Monday, September 27, 2010

Lifting a Pint for Sam

Patriot Samuel Adams was born this day in 1722. Adams was one of the men behind the Boston Tea Party, was a delegate to the Continental Congress 1774-1781, signed the Declaration of Independence, and served as Governor of Massachusetts (1794-1797). When he wasn't showing more political courage, backbone and conviction than every elected person currently in Washington, D. C., he brewed beer. From what I understand, he was a far better politician than a brewer. It's in this connection that most people know about him today (I don't even want to think about how many college freshman know what the Boston Tea Party is...), his name is now attached to a very fine beer (not a great one, mind you), but one worthy of the name.

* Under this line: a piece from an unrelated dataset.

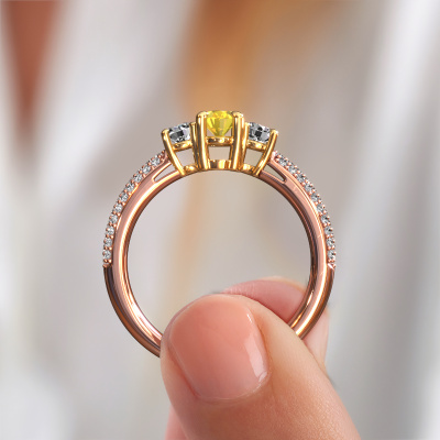 Dieser Verlobungsring aus 14 Karat Roségold mit 6.5x4.5 mm Gelb Saphir heißt Marielle OVL. Liebt deine Freundin exklusiven Schmuck? Oder möchten Sie ihr zeigen, dass sie den besten Schmuck verdient? Dieser Roségold Ring ist pure Handwerkskunst - Liebe und Leidenschaft kombiniert mit den neuesten Techniken, die in perfekter Harmonie zusammentreffen. Es erfordert ein scharfes Auge, Geduld und eine geschickte Hand, um diesen Ring in Perfektion zu formen. Genau der richtige Job für unsere erfahrenen Juweliere! Die Gelb Saphir-Fassung verleiht diesem Roségold Pavé Ring eine extra glänzende Erscheinung. Passen Sie den Stil des Rings nach Ihren Wünschen und mit einer großen Auswahl an Edelmetallen und Edelsteinen an, die Sie selbst auswählen können. So kreieren Sie einen einzigartigen Ring für die exklusivste Frau Ihres Lebens! Jedes Schmuckstück wird von unseren Meister-Goldschmieden in unserem eigenen Studio für Sie gefertigt.Haben Sie ein bestimmtes Budget? Sie können uns gerne kontaktieren, damit wir Ihre Optionen besprechen können. Wir bieten unsere Verlobungsringe zum garantiert besten Preis, denn wir fertigen sie auf Bestellung. Solche Preise finden Sie nirgendwo anders!Haben Sie irgendwo einen bestimmten Verlobungsring gefunden, den Sie Ihrem Liebsten schenken möchten? Sie können uns gerne sagen, was Sie wollen und wir werden Ihr Design in einen Einzigartigen exklusive Verlobungsring verwandeln. Sie können die Entwicklungen Ihres Ringdesigns verfolgen, da wir 3D-Zeichnungen verwenden. Das gibt Ihnen eine realistische Vorschau, wie Ihr Design aussehen wird. Sie können auch einen Dummy vorbestellen. Ein Dummy ist ein Kunststoffring, der nach Ihrem Ringdesign gestaltet werden kann. Sie können ihn anprobieren und prüfen, ob seine Breite und Größe für Sie geeignet sind. Wir senden Ihnen gerne ein unverbindliches Angebot zu einem fairen Preis/Leistungsverhältnis. Sie werden in Anbetracht der Qualität des Rings und der Edelsteine überrascht sein.Um es einfacher zu machen, bieten wir eine kostenlose 30-tägige Rücksendung.

Thomas Jefferson called him the "Patriarch of Liberty," his cousin John (you may have heard of him) said:

Without the character of Samuel Adams, the true history of the American Revolution can never be written. For fifty years his pen, his tongue, his activity, were constantly exerted for his country without fee or reward.

Here's a few gems of wisdom from his pen:
If Virtue & Knowledge are diffus'd among the People, they will never be enslav'd. This will be their great Security.

If ye love wealth better than liberty, the tranquility of servitude better than the animating contest of freedom, go home from us in peace. We ask not your counsel or your arms. Crouch down and lick the hands of those who feed you. May your chains set lightly upon you. May posterity forget that ye were our countrymen.

It does not require a majority to prevail, but rather an irate, tireless minority keen to set brush fires in people's minds.

The liberties of our country, the freedom of our civil Constitution, are worth defending at all hazards; and it is our duty to defend them against all attacks. We have received them as a fair inheritance from our worthy ancestors: they purchased them for us with toil and danger and expense of treasure and blood, and transmitted them to us with care and diligence. It will bring an everlasting mark of infamy on the present generation, enlightened as it is, if we should suffer them to be wrested from us by violence without a struggle, or to be cheated out of them by the artifices of false and designing men.

Were the talents and virtues which heaven has bestowed on men given merely to make them more obedient drudges, to be sacrificed to the follies and ambition of a few? Or, were not the noble gifts so equally dispensed with a divine purpose and law, that they should as nearly as possible be equally exerted, and the blessings of Providence be equally enjoyed by all?

A general dissolution of the principles and manners will more surely overthrow the liberties of America than the whole force of the common enemy.... While the people are virtuous they cannot be subdued; but once they lose their virtue, they will be ready to surrender their liberties to the first external or internal invader.... If virtue and knowledge are diffused among the people, they will never be enslaved. This will be their great security.

How strangely will the Tools of a Tyrant pervert the plain Meaning of Words!

Among the natural rights of the colonists are these: first, a right to life; secondly, to liberty; thirdly to property; together with the right to support and defend them in the best manner they can.

If men, through fear, fraud, or mistake, should in terms renounce or give up any natural right, the eternal law of reason and the grand end of society would absolutely vacate such renunciation. The right to freedom being the gift of Almighty God, it is not in the power of man to alienate this gift and voluntarily become a slave.

It is a very great mistake to imagine that the object of loyalty is the authority and interest of one individual man, however dignified by the applause or enriched by the success of popular actions.

All might be free if they valued freedom, and defended it as they should.

He therefore is the truest friend to the liberty of this country who tries most to promote its virtue, and who, so far as his power and influence extend, will not suffer a man to be chosen into any office of power and trust who is not a wise and virtuous man.

If ever a time should come, when vain and aspiring men shall possess the highest seats in Government, our country will stand in need of its experienced patriots to prevent its ruin.

Driven from every other corner of the earth, freedom of thought and the right of private judgment in matters of conscience, direct their course to this happy country as their last asylum.